- [Source material]:
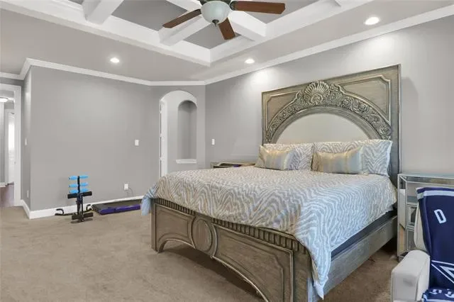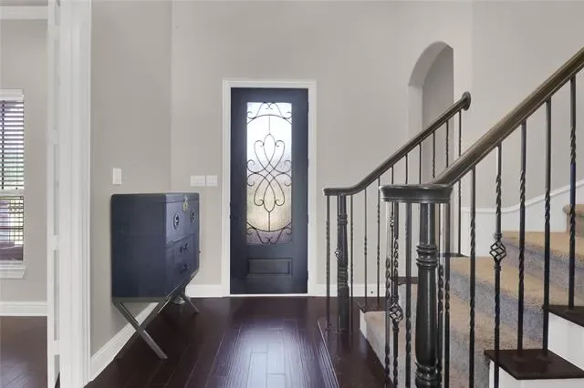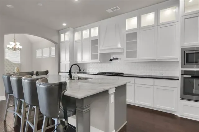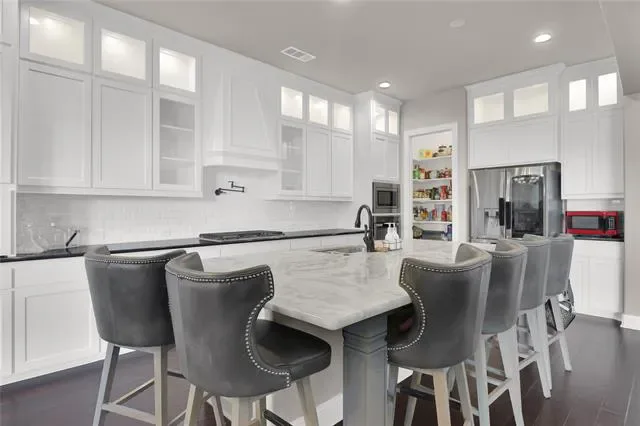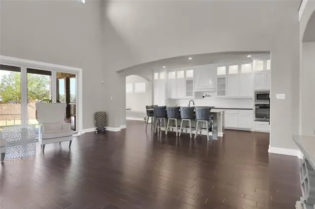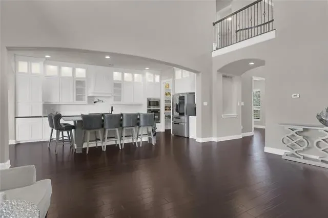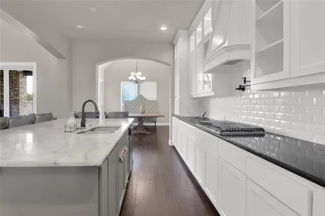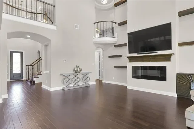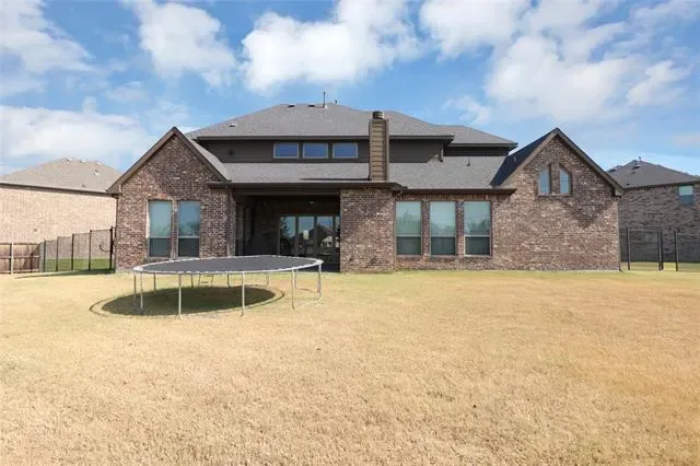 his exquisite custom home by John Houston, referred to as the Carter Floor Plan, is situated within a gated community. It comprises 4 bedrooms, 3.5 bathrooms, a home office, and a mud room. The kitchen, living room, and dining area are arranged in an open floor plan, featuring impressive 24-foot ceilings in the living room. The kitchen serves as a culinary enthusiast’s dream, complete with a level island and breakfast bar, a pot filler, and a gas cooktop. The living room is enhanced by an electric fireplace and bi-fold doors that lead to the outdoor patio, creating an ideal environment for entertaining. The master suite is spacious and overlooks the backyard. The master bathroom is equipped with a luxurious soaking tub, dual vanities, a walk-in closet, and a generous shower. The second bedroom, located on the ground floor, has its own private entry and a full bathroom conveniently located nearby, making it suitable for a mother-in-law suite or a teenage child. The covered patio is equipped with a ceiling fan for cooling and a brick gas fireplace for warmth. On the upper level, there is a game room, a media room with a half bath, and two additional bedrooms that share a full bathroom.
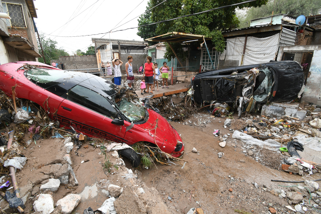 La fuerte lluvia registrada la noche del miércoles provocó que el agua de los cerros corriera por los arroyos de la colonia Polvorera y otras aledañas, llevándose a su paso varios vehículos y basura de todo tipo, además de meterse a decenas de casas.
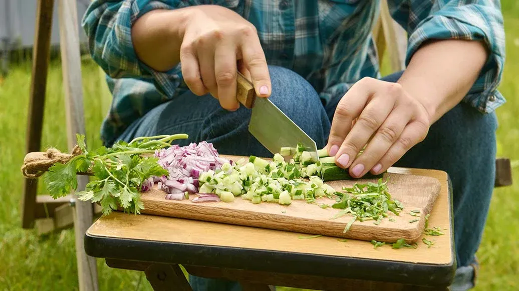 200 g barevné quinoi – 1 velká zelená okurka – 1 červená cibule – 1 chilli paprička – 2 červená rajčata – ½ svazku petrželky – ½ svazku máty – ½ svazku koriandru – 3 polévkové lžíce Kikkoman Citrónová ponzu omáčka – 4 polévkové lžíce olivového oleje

- [What the task requires]: Leave every picture out and copy precisely the lines from the one containing "La fuerte lluvia" through the last line of the data above, both ends included.

- [Exercise result]:
 La fuerte lluvia registrada la noche del miércoles provocó que el agua de los cerros corriera por los arroyos de la colonia Polvorera y otras aledañas, llevándose a su paso varios vehículos y basura de todo tipo, además de meterse a decenas de casas.
 200 g barevné quinoi – 1 velká zelená okurka – 1 červená cibule – 1 chilli paprička – 2 červená rajčata – ½ svazku petrželky – ½ svazku máty – ½ svazku koriandru – 3 polévkové lžíce Kikkoman Citrónová ponzu omáčka – 4 polévkové lžíce olivového oleje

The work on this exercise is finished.